Автор книги: Семен Бабаевский
сообщить о нарушении
Текущая страница: 39 (всего у книги 48 страниц)
Глава 33
Утром, до открытия пленума райкома, к Щедрову явились Орьев и Мельчаков. Положили на стол свои портфели и начали докладывать о деле Огуренкова. Вынув из портфеля папку, Орьев листал подшитые в ней документы и повторил почти все то, что Щедрову уже было известно. В заключение он сказал, что, по имеющимся в деле данным, к совершенному в «Заре» уголовному преступлению причастен Логутенков и что теперь надо решать вопрос об его изоляции.
– Антон Иванович, нужен твой совет, – добавил Орьев.
– Что думает начальник милиции? – не отвечая Орьеву, спросил Щедров. – Как, по-вашему, следует поступить с Логутенковым?
– Арестовать, и незамедлительно! – быстро поднявшись, ответил Мельчаков. – Как полностью изобличенного преступника.
– А каково мнение прокурора? – глянув на Орьева, спросил Щедров.
– Виновность Логутенкова полностью доказана, и я готов подписать ордер на арест.
– Что же тебя останавливает?
– Подследственное лицо является депутатом райсовета, – ответил Орьев.
– Коммунисты «Зари» уже исключили Логутенкова из партии, – сказал Щедров. – Что же касается его депутатского мандата, то сегодня на сессии, надо полагать, он будет его лишен.
Мельчаков поднялся, одернул красиво сидевший на нем китель и спросил:
– Антон Иванович, значит, даете согласие?
– Это уже за пределами моей компетенции, – сказал Щедров. – Если же вам хочется знать мое частное мнение, то мне кажется, что с арестом Логутенкова спешить не следует.
– Он же преступник! – воскликнул Мельчаков. – И, согласно законодательству, подлежит изоляции!
– А скажите, майор, что такое изоляция? – спросил Щедров.
– Согласно словарю: обособление, отделение кого-либо от окружающих, то есть принудительное заключение под стражу! – со знанием дела ответил Мельчаков.

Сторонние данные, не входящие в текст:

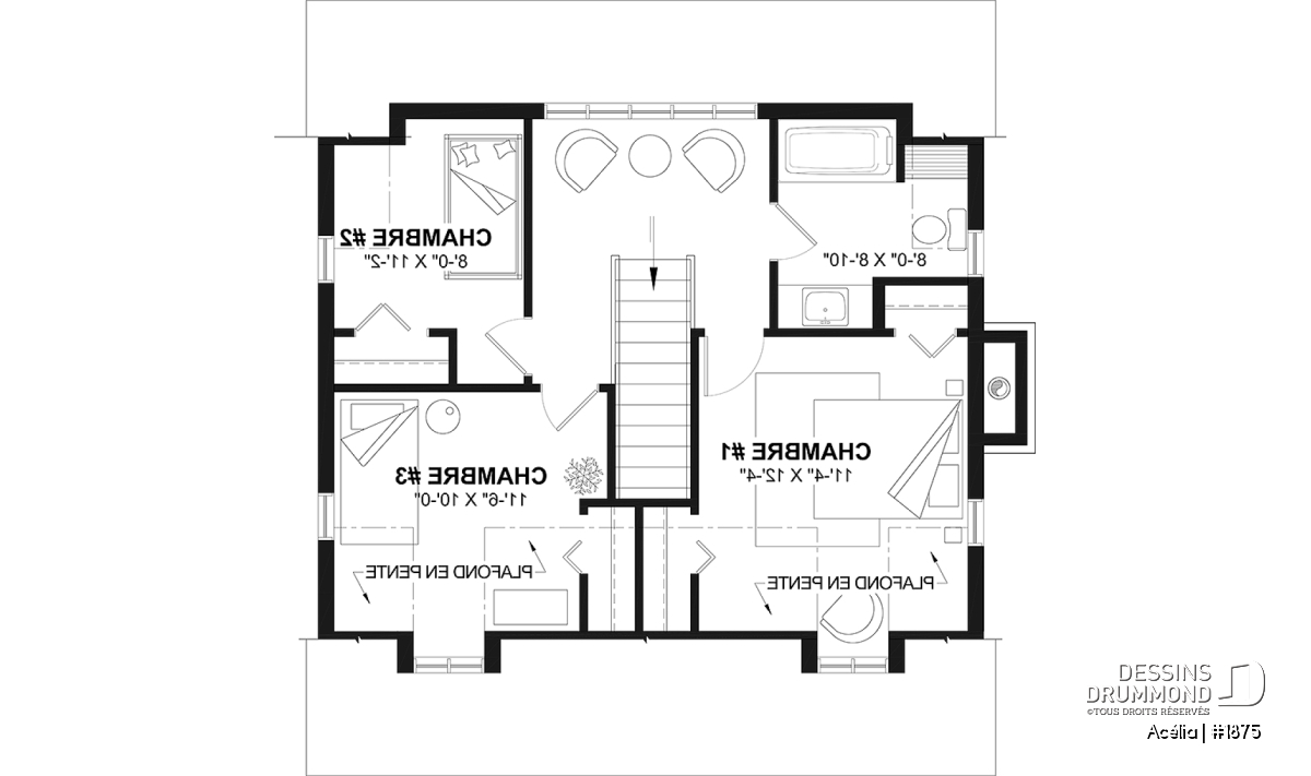 Plan de maison canadienne 3 chambres, avec lucarnes, foyer au salon, buanderie au premier, boudoir

Щедров посмотрел в окно. Все те же острые тополя вонзались в небо. Все те же шумные грачи хлопотали над гнездами. Только горланили громче обычного: радовались уже появившимся на свет птенцам.
– Изоляция, заключение под стражу – мера жестокая и потому должна применяться только в исключительных случаях, – не переставая смотреть в окно, сказал Щедров. – Думаю, что в таком деле, как арест, от поспешности пользы мало. Может, следует повременить до суда? Суд докажет виновность Логутенкова и сам определит меру наказания. Вам же я советую воспользоваться трибуной сессии райсовета и рассказать депутатам и о совершенном в «Заре» уголовном преступлении, и о том, в чем состоит вина самого Логутенкова, то есть предайте гласности известные вам факты. Расскажите и о том, как вообще обстоят дела у нас в районе с преступностью и с нарушениями социалистической законности.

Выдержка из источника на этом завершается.